[Dataset records]
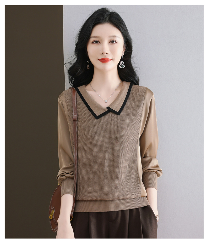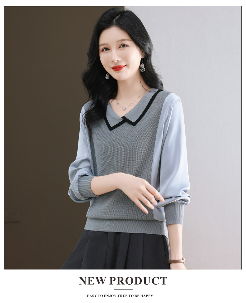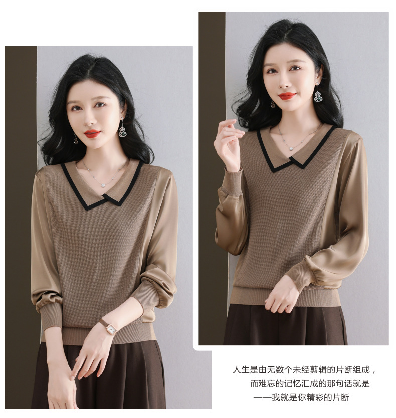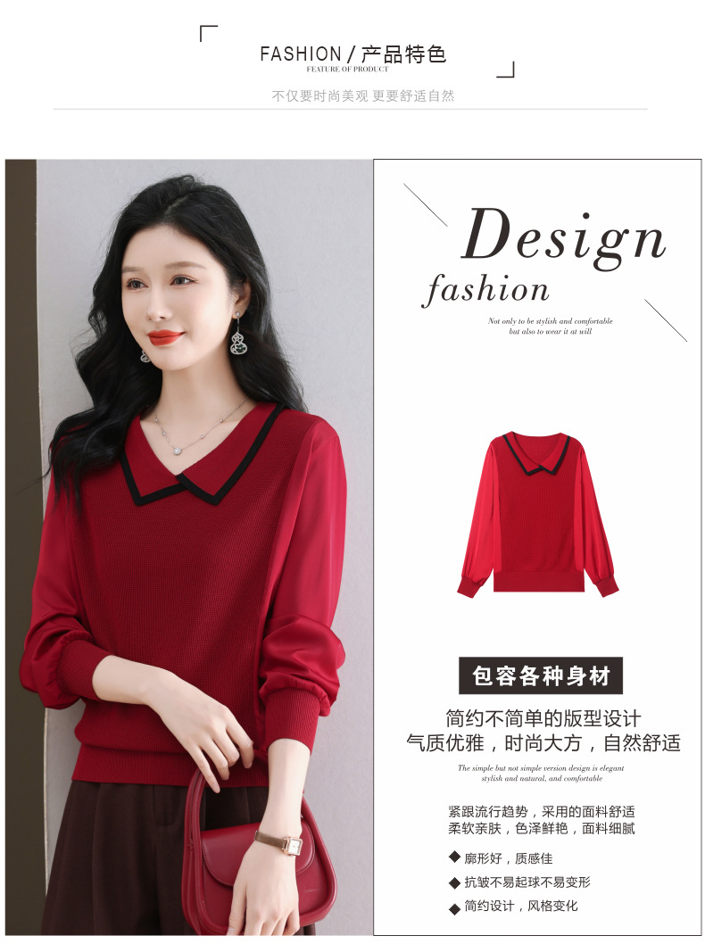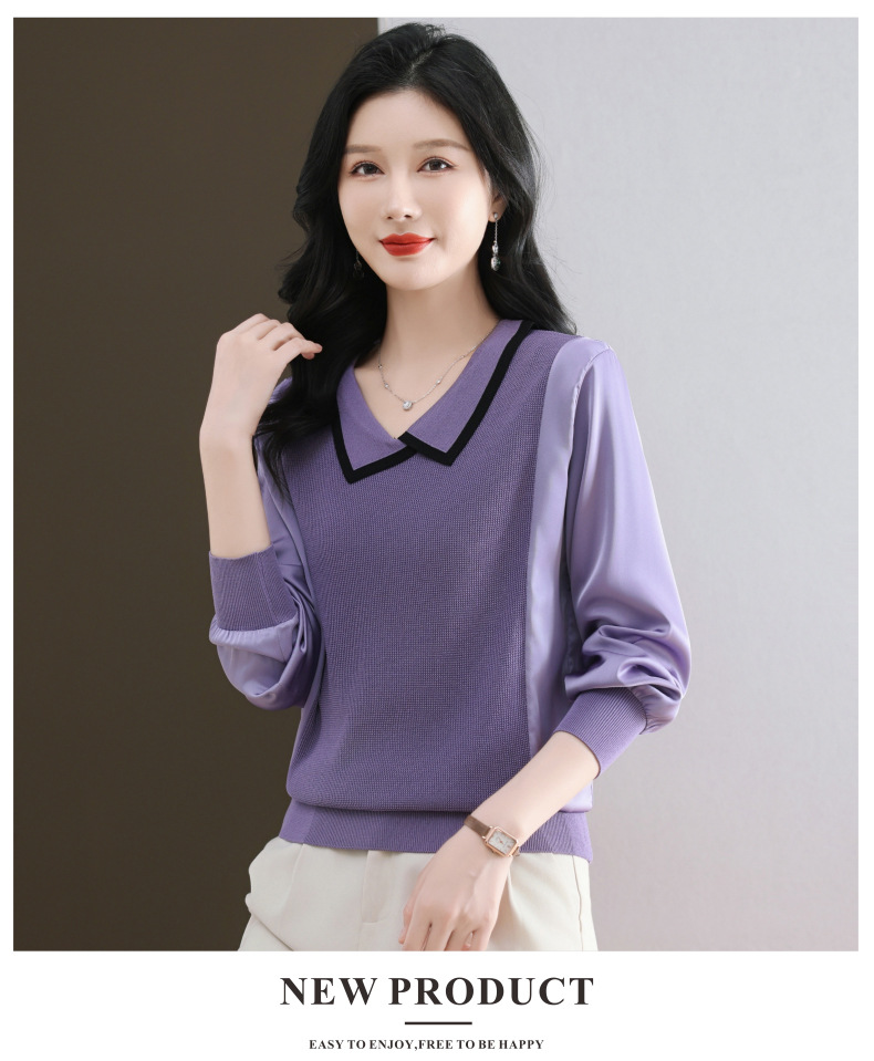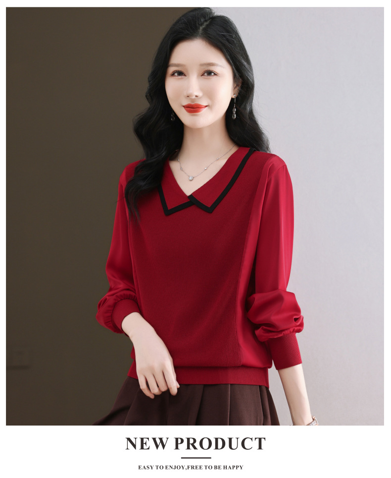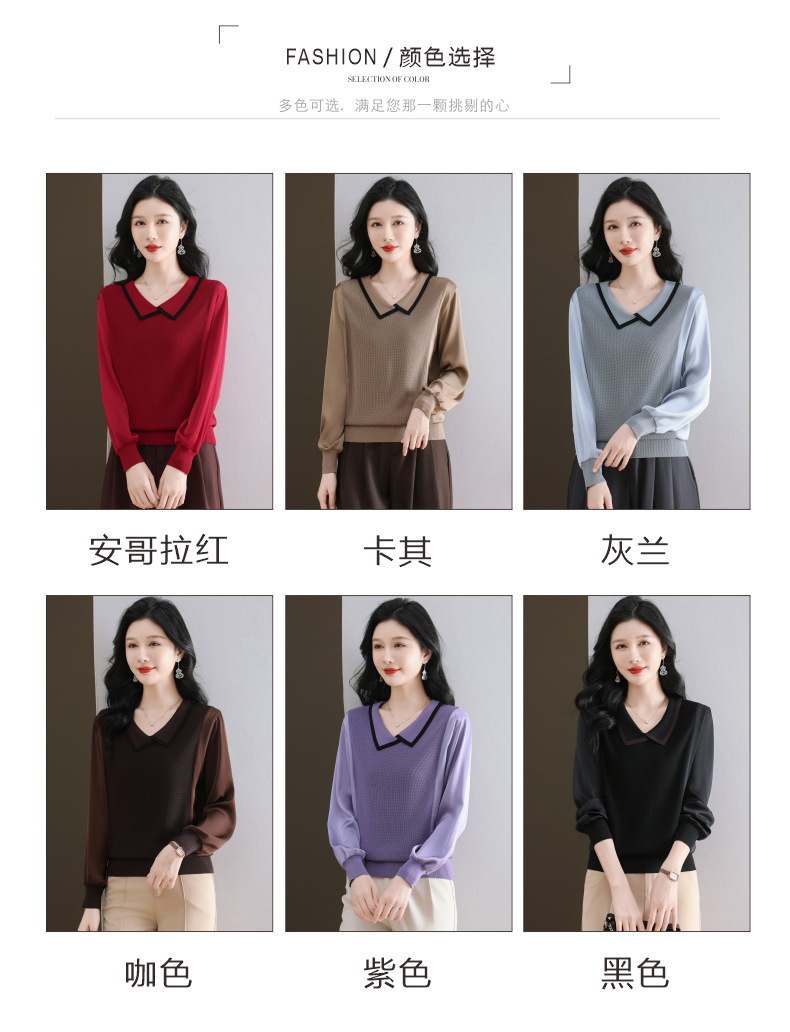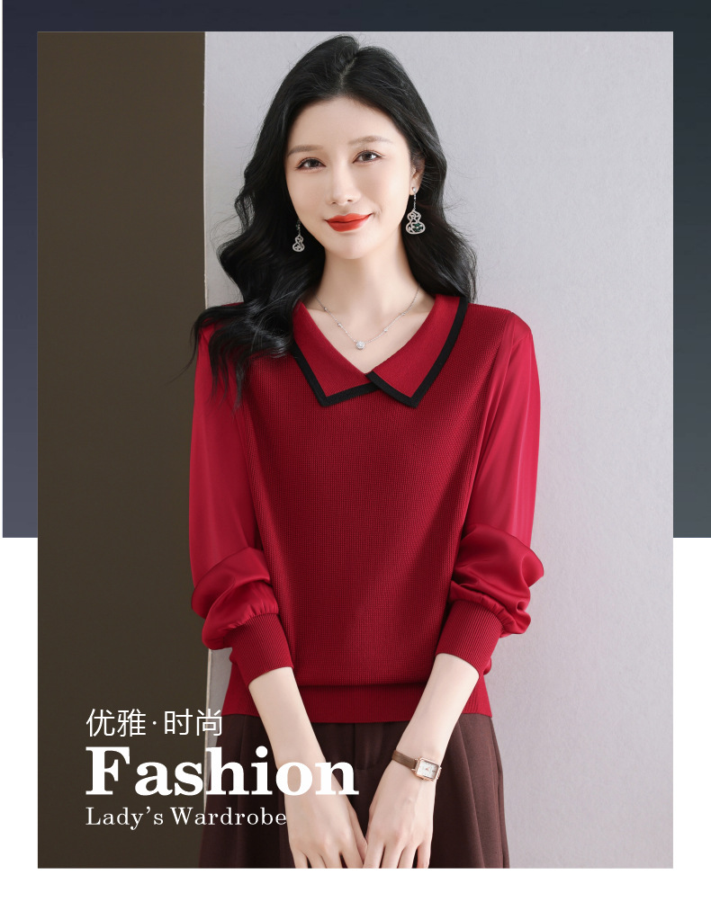 CC-89-525翻领长袖上衣针织衫女2025年新款春季洋气薄款t恤宽松打底衫
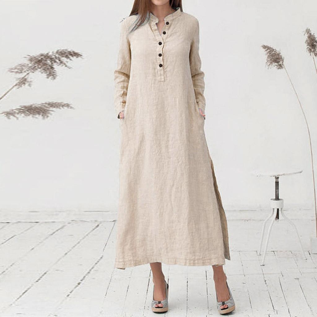 Женское повседневное однотонное свободное платье большого размера из хлопка и льна с длинными рукавами в стиле ретро — купить товар онлайн с бесплатной доставкой до всему миру!
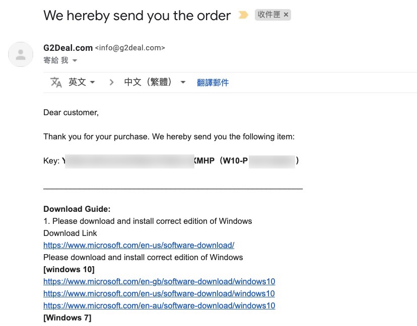 阿湯自己實測購買,會分別收到二封信,分別是防毒軟體的序號,以及 Windows 10 專業版的 OEM 序號,也會提供你軟體的下載連結,前往下載安裝並啟用就可以囉。
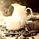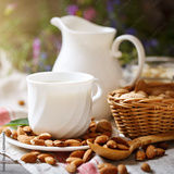 Almond and almond milk on a wooden table in the summer garden. Useful food.
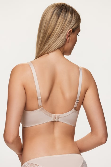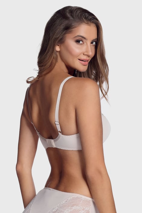 Półusztywniany biustonosz Ermina to elegancki model dla Pań z pełnym biustem. Miękko usztywnione miseczki o popularnym kroju typu T dodają piersiom atrakcyjności, a bogato haftowany tiul pięknie je zdobi.
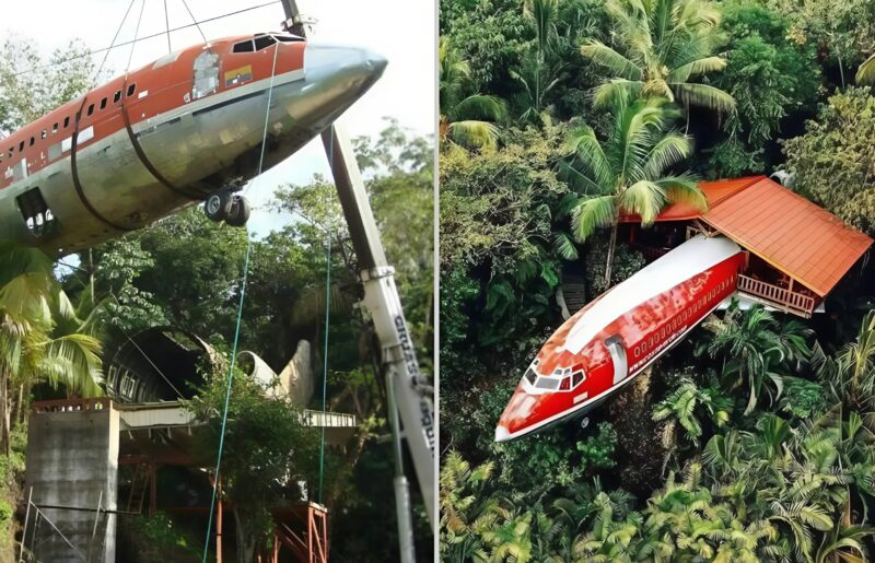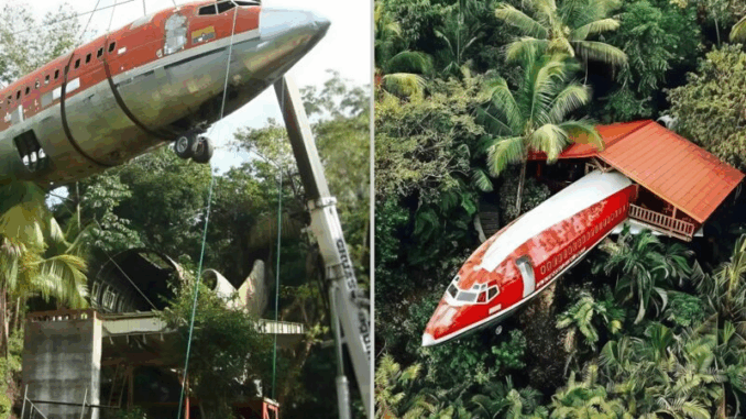 Un hombre compró un avión antiguo y decidió convertirlo en un hotel de ensueño . Primero, lo desmanteló y transportó el fuselaje metálico a la selva tropical en cinco camiones

**Prompt:**
Output the entries verbatim but drop the images.

**Exercise result:**
 CC-89-525翻领长袖上衣针织衫女2025年新款春季洋气薄款t恤宽松打底衫
 Женское повседневное однотонное свободное платье большого размера из хлопка и льна с длинными рукавами в стиле ретро — купить товар онлайн с бесплатной доставкой до всему миру!
 阿湯自己實測購買,會分別收到二封信,分別是防毒軟體的序號,以及 Windows 10 專業版的 OEM 序號,也會提供你軟體的下載連結,前往下載安裝並啟用就可以囉。
 Almond and almond milk on a wooden table in the summer garden. Useful food.
 Półusztywniany biustonosz Ermina to elegancki model dla Pań z pełnym biustem. Miękko usztywnione miseczki o popularnym kroju typu T dodają piersiom atrakcyjności, a bogato haftowany tiul pięknie je zdobi.
 Un hombre compró un avión antiguo y decidió convertirlo en un hotel de ensueño . Primero, lo desmanteló y transportó el fuselaje metálico a la selva tropical en cinco camiones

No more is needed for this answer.